----- Provided material

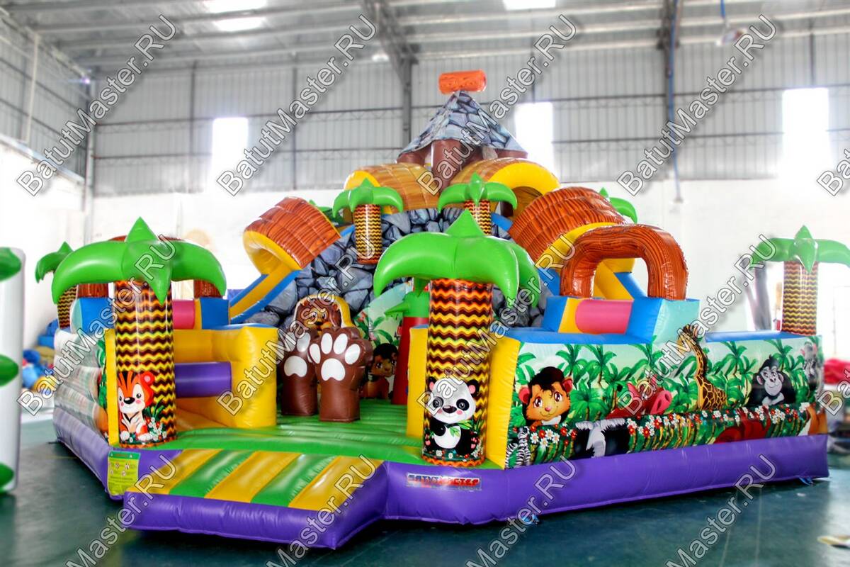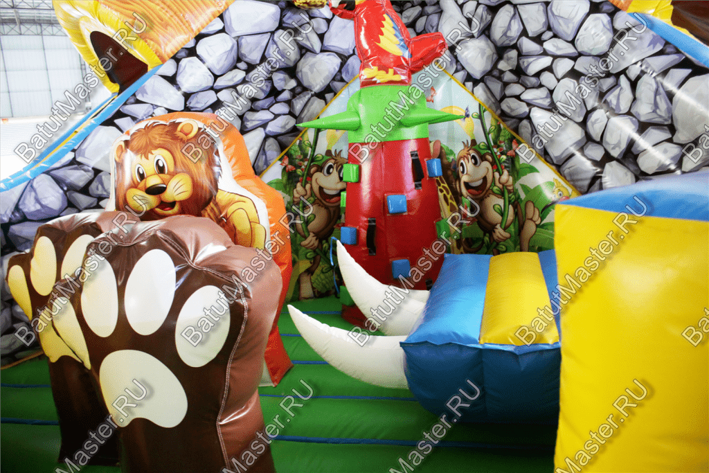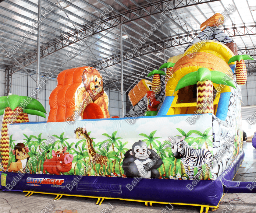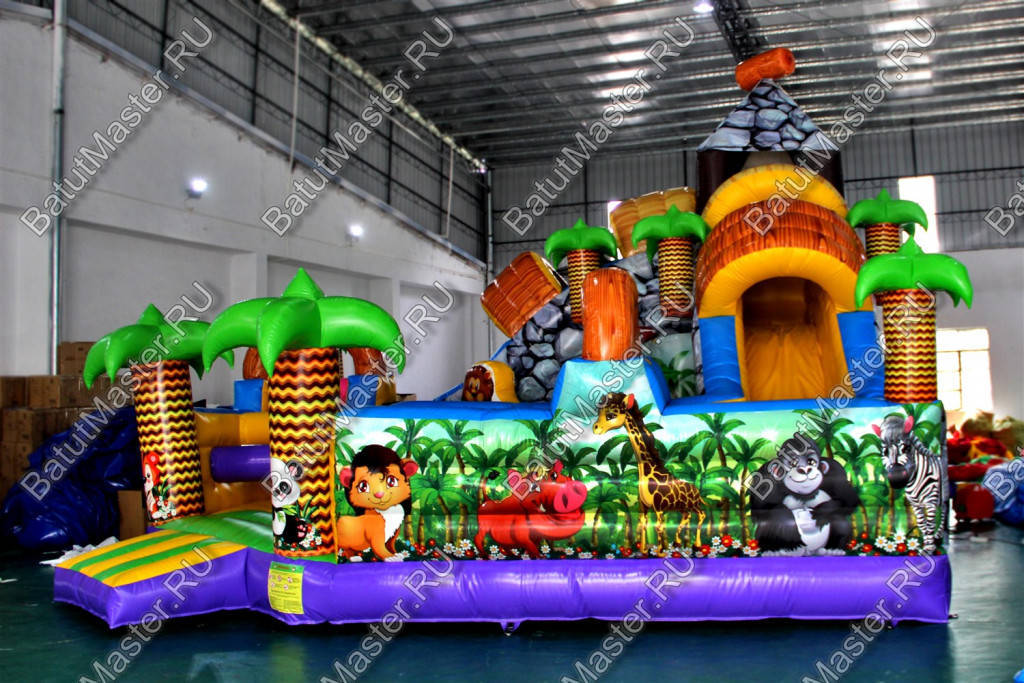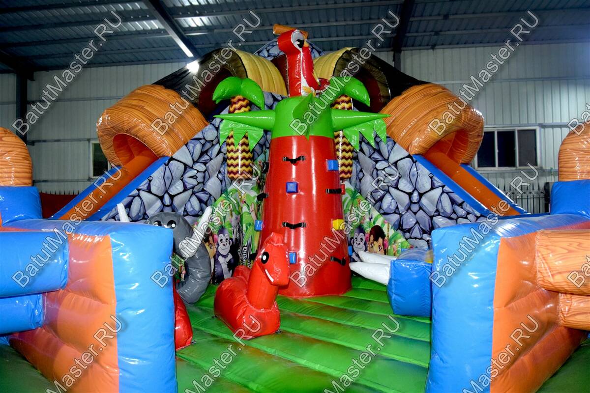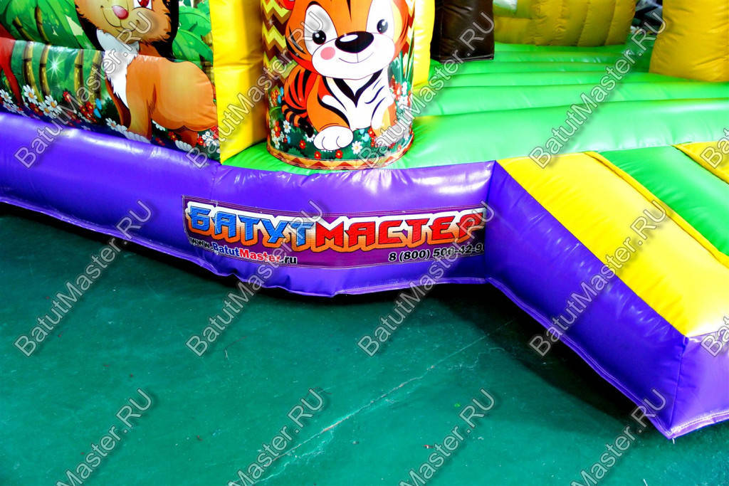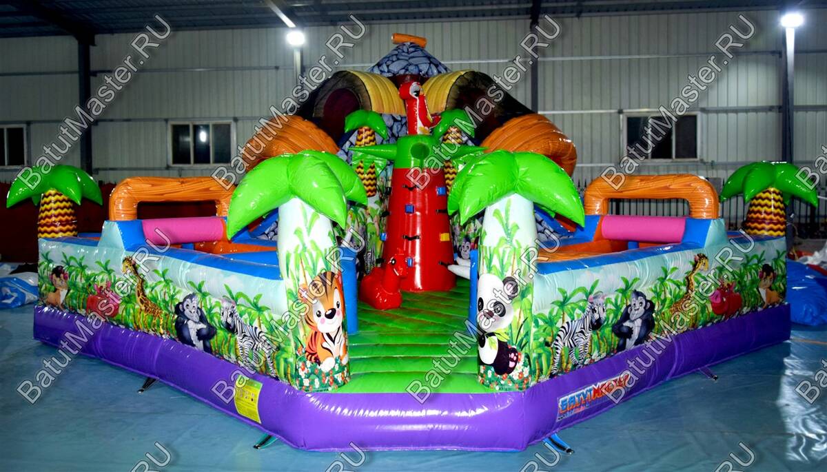 Уникальный, интересный игровой комплекс «В гостях у зебры» привлечет внимание детей разной возрастной категории. Это не просто надувной батут, это целая арена для невероятных приключений, где дети получат незабываемые эмоции. ¶Здесь огромное количество разнообразных модулей, каждый из которых притягивает взгляд и призывает к веселью. Детям интересно будет забраться на горизонтальные перекладины, а также покорить скалодром, побегать вокруг лапок панды или спуститься с горки, которых на веселой арене несколько. Все яркое и притягивает взгляд.¶Украшением батут являются большие надувные пальмы, животные тропиков, а также рисунки в виде полянки.
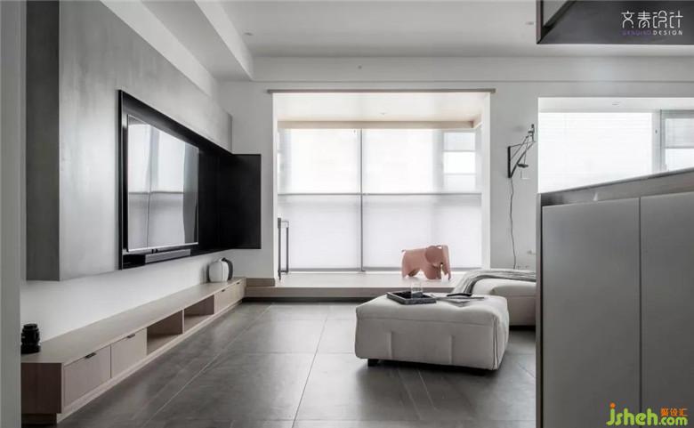 主是個十足的游戲控,除了安裝完現有的游戲設備還有掌機外,他還想買個體感游戲設備。因此,設計師除了將客廳范圍面積擴大之外,沙發(fā)選用了移動輕便模塊式沙發(fā)。這種沙發(fā)高度沒有普通沙發(fā)那么高,成人可以站坐在沙發(fā)背上。
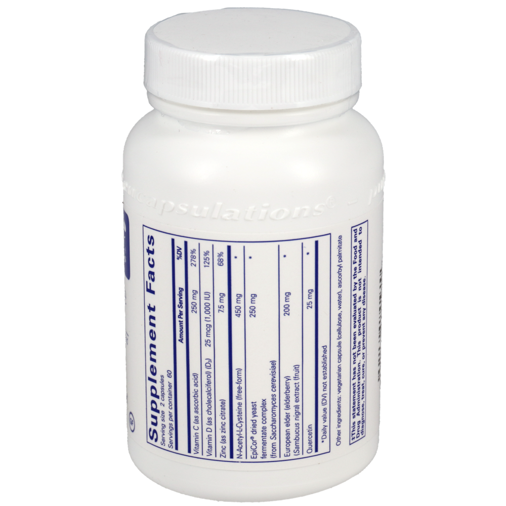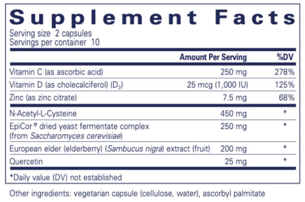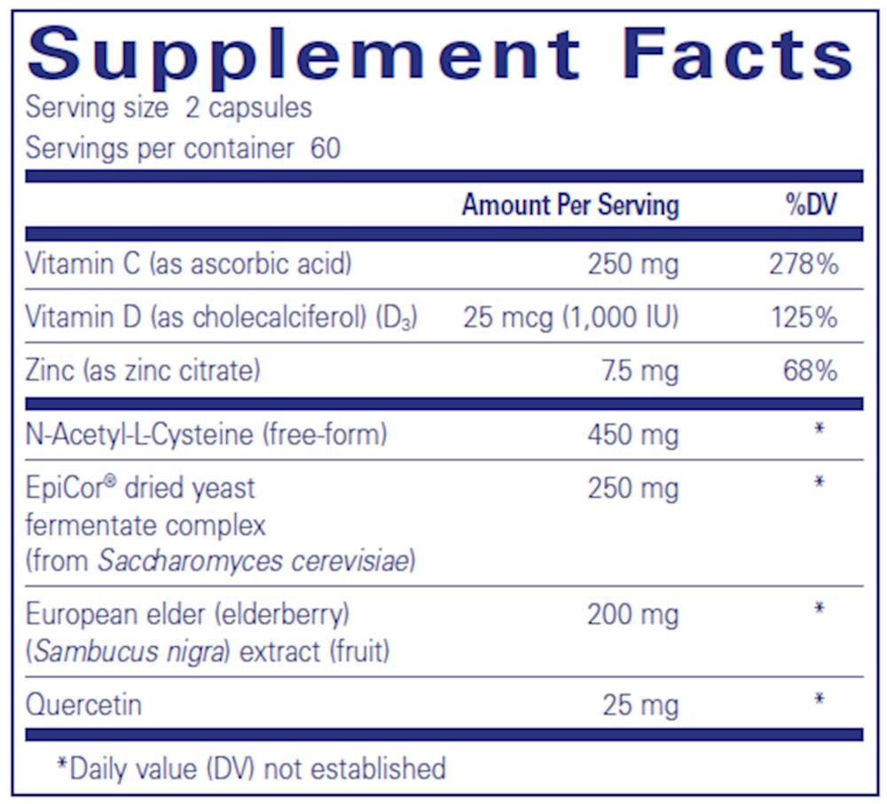 A separate open label, in-house trial indicated a strong potential for EpiCorĀ® supplementation to enhance secretory IgA levels after 30 days. These various actions demonstrate the ability of EpiCorĀ® to address both innate and adaptive immune responses. NAC (n-acetyl-l-cysteine) promotes endogenous glutathione production for antioxidant protection and provides lung defense mechanisms for healthy respiratory function. In a randomized double-blind trial involving mostly older individuals, NAC showed support for respiratory health. Quercetin and elderberry provide flavonoids that offer additional support for immune and respiratory function while vitamin C, vitamin D and zinc play important roles in immune cell activation.*
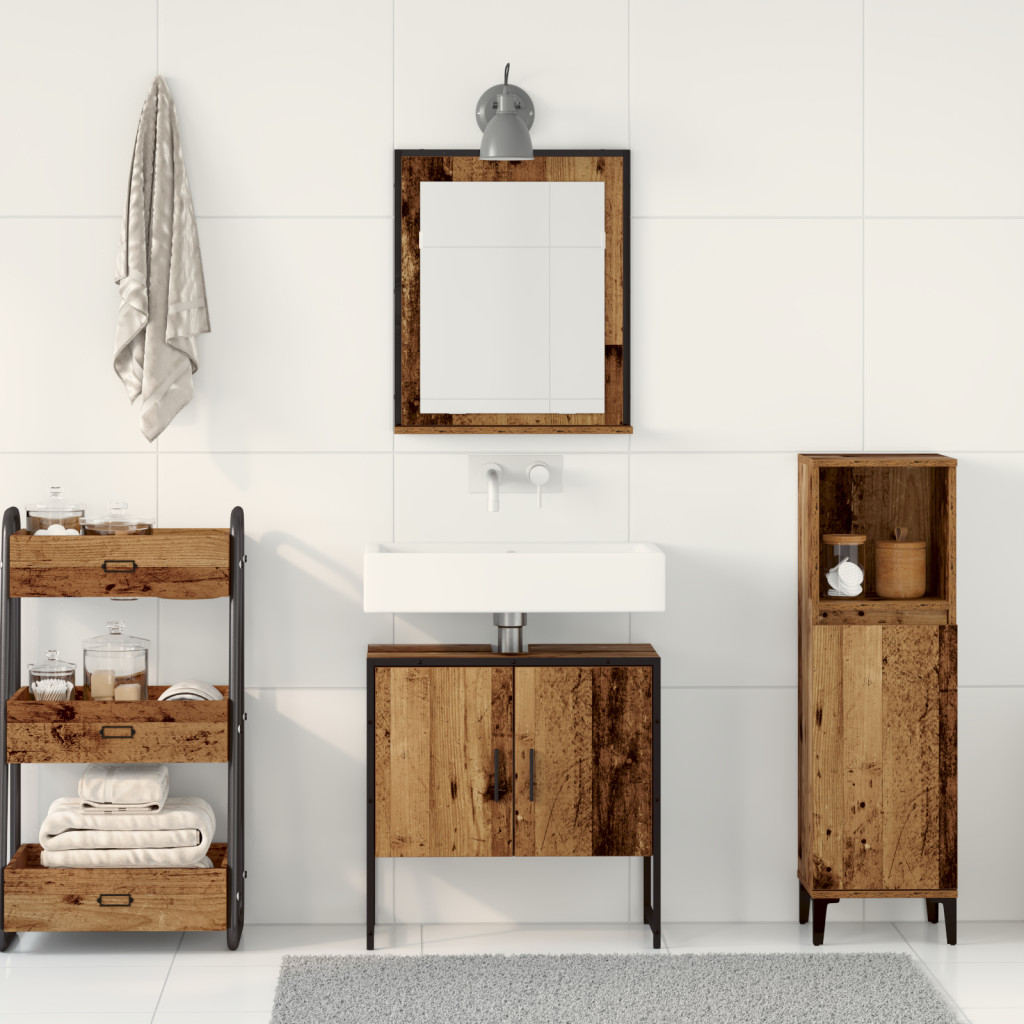 2 darabos fürdőszobaszekrény készlet öreg fa hatású mérnöki fa
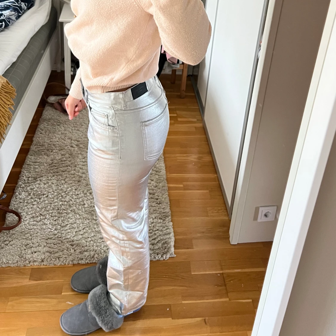 Säljer dessa silvriga byxor från Gina Tricot i nyskick-använt. Storlek 38. Storlekarna: Midjemått: 76 cm. Höftmått: 100 cm. Innerbenslängd: 78 cm. Nypris på hemsidan 599 kr. Använd gärna ”köp nu” funktionen
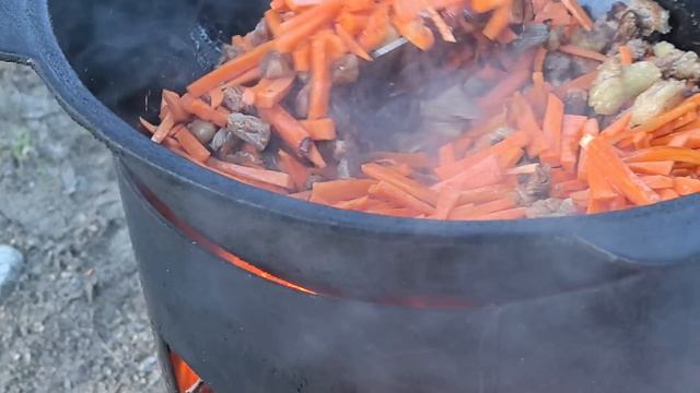 готовим плов после работы. отдыхаем. баня
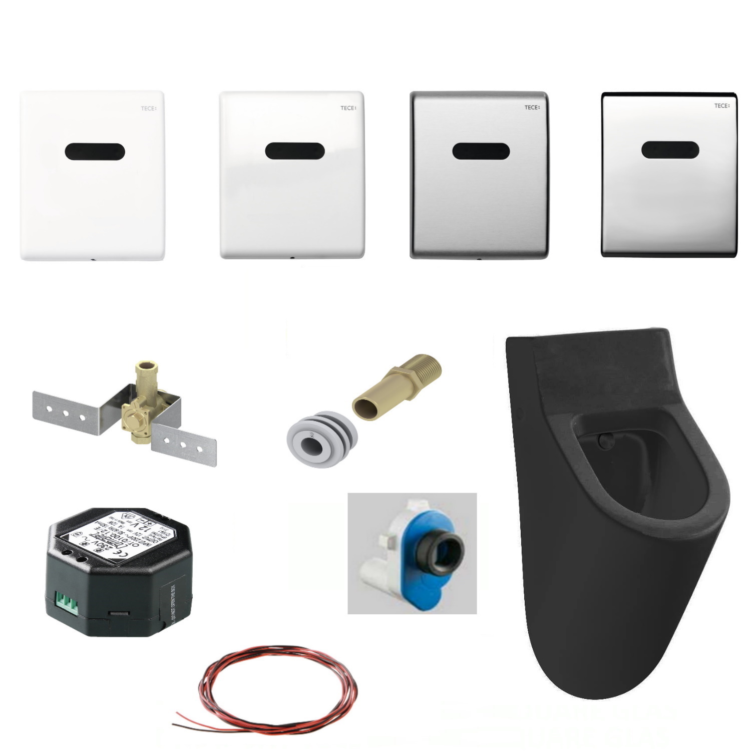 Naast de standaard drukspoelerbehuizing, inlaatgarnituur en het sifon heeft u bij deze urinoir set ook de keuze uit vier verschillende elektronische drukplaten van het merk TECE. Deze drukplaten zijn voorzien van een infraroodsensor en werkt op basis van een adaptor. De drukplaat heeft een breedte van 10 cm, een hoogte van 12 cm en een diepte van 1,2 cm. U heeft bij de drukplaten de keuze uit een mat witte, glanzend witte, RVS geborstelde of glanzend chromen drukplaat.
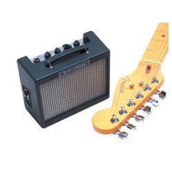 Perfect for noodling around on your guitar in your bedroom or hotel room, the Fender Mini Deluxe Amp provides just enough juice to get a feel for your jam session and is nicely portable. The single 8 ohm, 2-inch speaker pumps out one-watt of power, and it requires just a single 9-volt battery. The Mini Deluxe also includes a headphone jack for private playback, as well as control knobs for volume, tone, and drive.
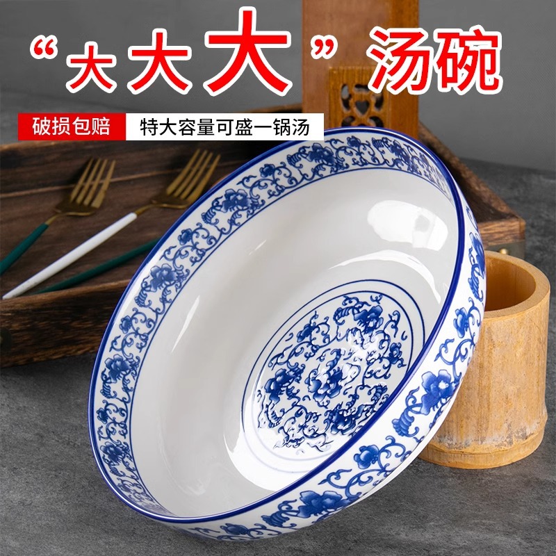 大きいスープの碗の家庭用の特大サイズの12インチのスープの鉢の酸っぱい魚の碗の大きいたらいの陶磁器の釉薬の下で色の青い花の磁器のスープのたらい
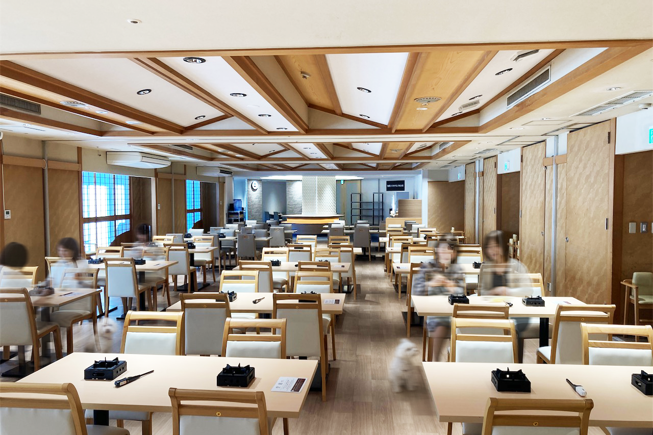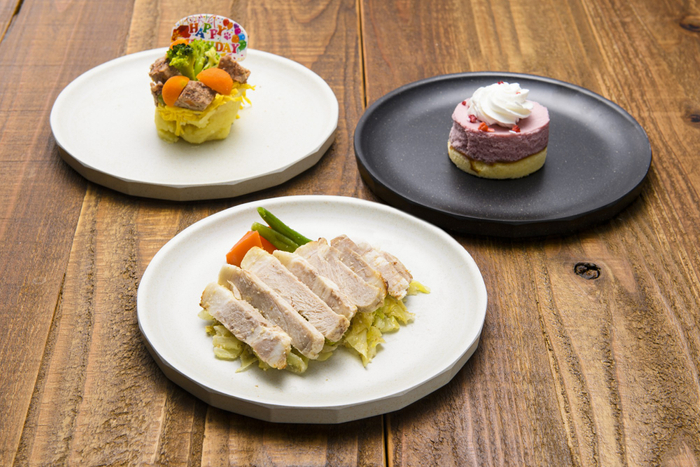 お食事の時間もわんちゃんと一緒にお過ごしいただけるよう、今回のリニューアルでレストランを改装。季節限定メニューを含む夕食・朝食ともに種類豊富なバイキングをお楽しみいただけます。また、わんちゃんには、ハンバーグプレートやポークソテーなどのお食事系から、ケーキなどのデザートまで、種類豊富な専用の別注わんちゃんグルメもご用意いたします。(有料)

----------

## What this task involves
Only the lines from the top of the material through the line containing "主是個十足的游戲控,除了安裝" should be written out, exactly and without pictures.

## Answer section
 Уникальный, интересный игровой комплекс «В гостях у зебры» привлечет внимание детей разной возрастной категории. Это не просто надувной батут, это целая арена для невероятных приключений, где дети получат незабываемые эмоции. ¶Здесь огромное количество разнообразных модулей, каждый из которых притягивает взгляд и призывает к веселью. Детям интересно будет забраться на горизонтальные перекладины, а также покорить скалодром, побегать вокруг лапок панды или спуститься с горки, которых на веселой арене несколько. Все яркое и притягивает взгляд.¶Украшением батут являются большие надувные пальмы, животные тропиков, а также рисунки в виде полянки.
 主是個十足的游戲控,除了安裝完現有的游戲設備還有掌機外,他還想買個體感游戲設備。因此,設計師除了將客廳范圍面積擴大之外,沙發(fā)選用了移動輕便模塊式沙發(fā)。這種沙發(fā)高度沒有普通沙發(fā)那么高,成人可以站坐在沙發(fā)背上。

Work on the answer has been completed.